The report presented to the Sub-Committee updated Members on the Traffic and Parking Safety Schemes that were in line with Transport for London’s (TfL’s) actions for local authorities in London. The Mayor’s Transport Strategy (MTS) set out objectives including healthy streets and provision of a good transport experience as key parts of the MTS policy framework. 


It was noted that the Local Implementation Plan (LIP) was an allocation of funding to the London boroughs by TfL to spend on projects that support the MTS and shape London's social and economic development to encourage active travel and make provisions for both walking and cycling.


It was explained that Vision Zero was a part of the MTS and was an initiative first introduced in Sweden in 1997. Vision Zero was an action plan which focused particularly on reducing road danger on the road network, by implementing schemes which would reduce crashes and improve road safety.


The Council recognised there were additional measures that could be implemented to improve the environmental aspects of areas within Havering to improve road safety to reduce casualties of all road users on both Transport for London Road Network (TLRN) and borough roads, especially in the vicinity of schools.


Havering was investing significant levels of its’ LIP funding on physical infrastructure measures to encourage modal shift. A substantial element of LIP funding was also spent on measures focused on securing behaviour change and presenting alternative travel choices for journeys.


These measures often encompassed educational initiatives delivered in schools, to businesses and other community groups to encourage people to consider making choices involving smarter travel and road safety education initiatives. The aim of these was to encourage people to walk, cycle or use public transport to/from their destination and ultimately see a reduction in journeys by private vehicles.


School Street schemes which were funded by TfL offered a proactive solution for school communities to tackle air pollution, poor health, and road danger reduction. A School Street scheme would encourage a healthier lifestyle, active travel to school for families and lead to a better local environment. These schemes were a current Council priority as they were mainly self-enforcing with the use of closed-circuit television (CCTV) at timed closures points operational during school drop off and pick up times.

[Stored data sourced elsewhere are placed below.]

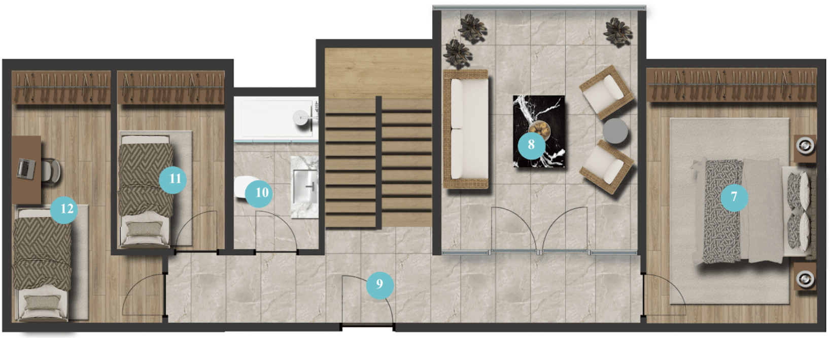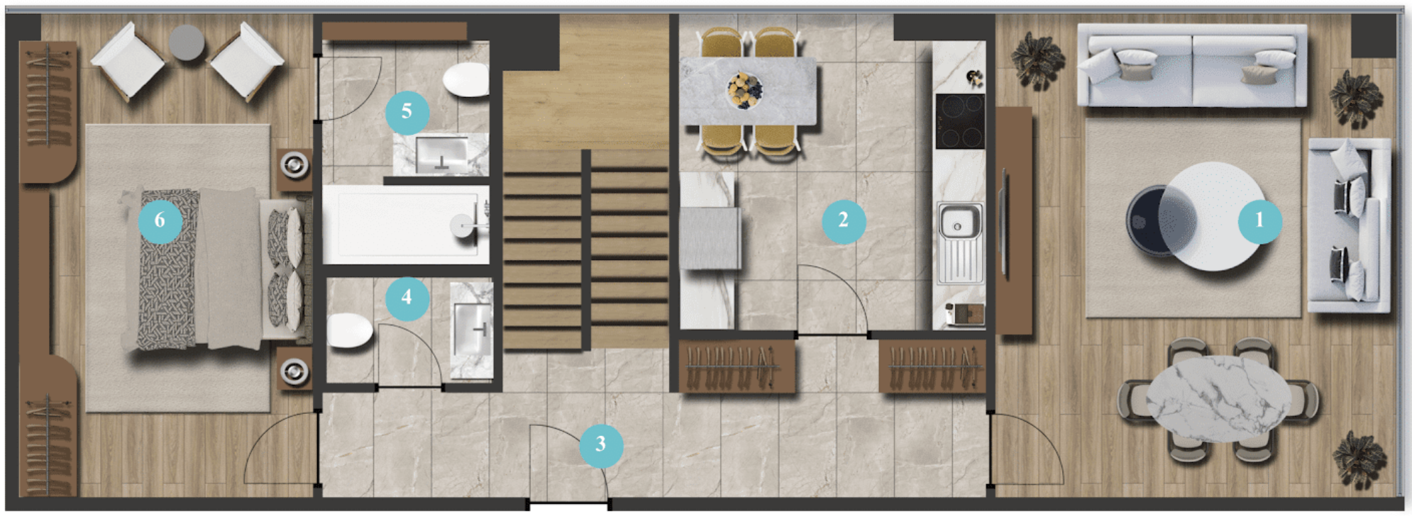 Местоположение: в непосредственной близости находится множество образовательных и оздоровительных центров, как частных, так и государственных, а также торговые центры. Комплекс расположен всего в 5 минутах от живописной улицы Багдат и пляжа.
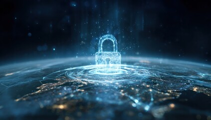 Glowing digital padlock hovers above a dark abstract technological earth surface.
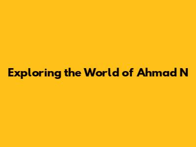 Exploring The World Of Ahmad N
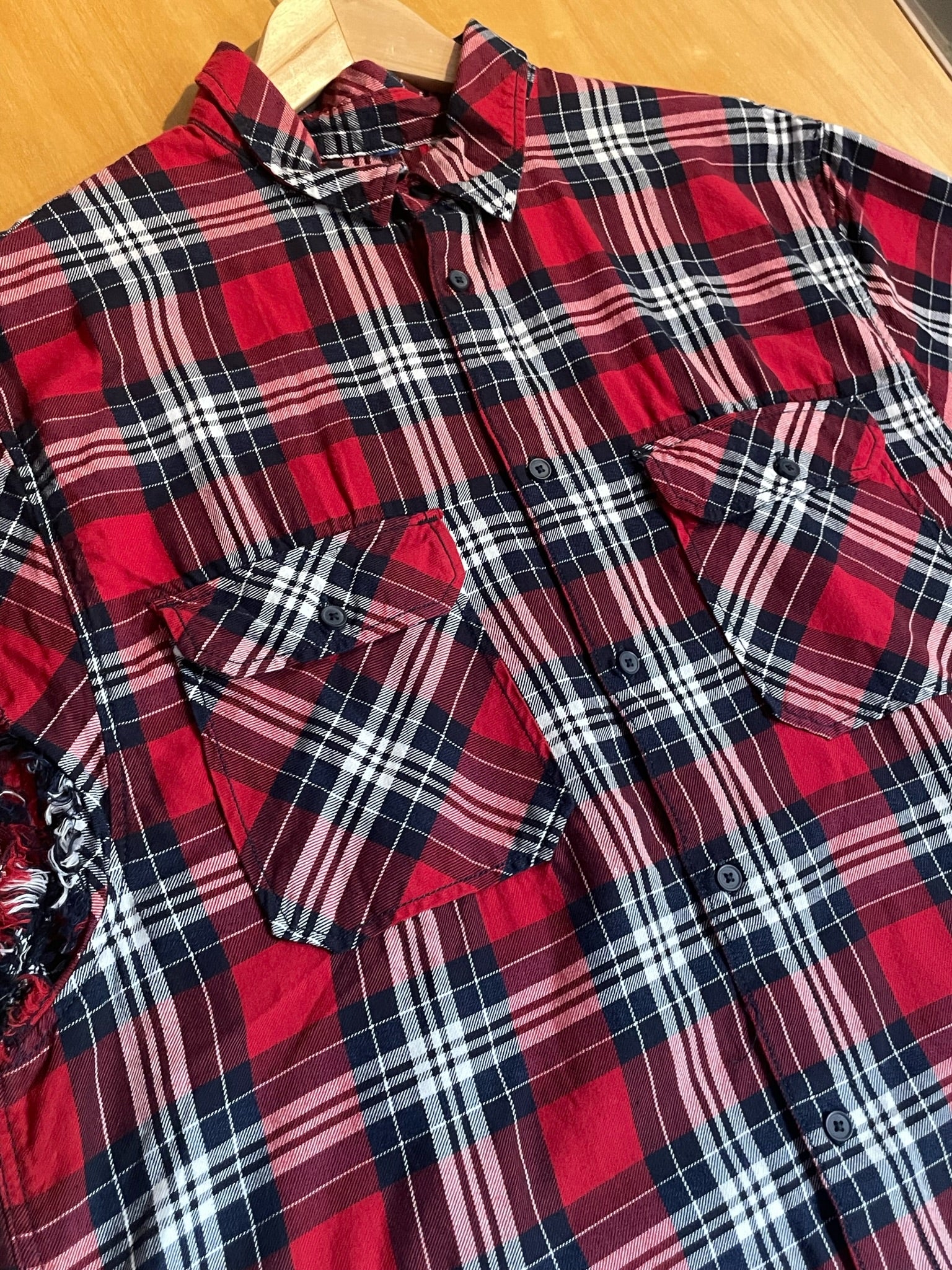 RETRO CHECKED CUT OFF SLEEVES SHIRT SZ: L

It was explained that following on from the EOSSC meeting held on 21st July 2021 thereport set out the types of safety schemes implemented since financial year 2015/2016, KPI details (where available) and before and after speed data to ascertain if safety had improved. Details of which could be found in Appendices A and B which were appended to this report.


The Sub-Committee noted the report.



Report and appendix attached.

Additional documents:


The report and presentation before Members of the Sub-Committee updated Members on the progress of the clean-up of the Rainham Creek area and was in response to a motion that was agreed at full Council on 24 March 2021.


The presentation contained before and after pictures of the progress of the clean-up of the Rainham Creek area and it was explained that the situation would be monitored.


The report and presentation were noted by the Sub-Committee.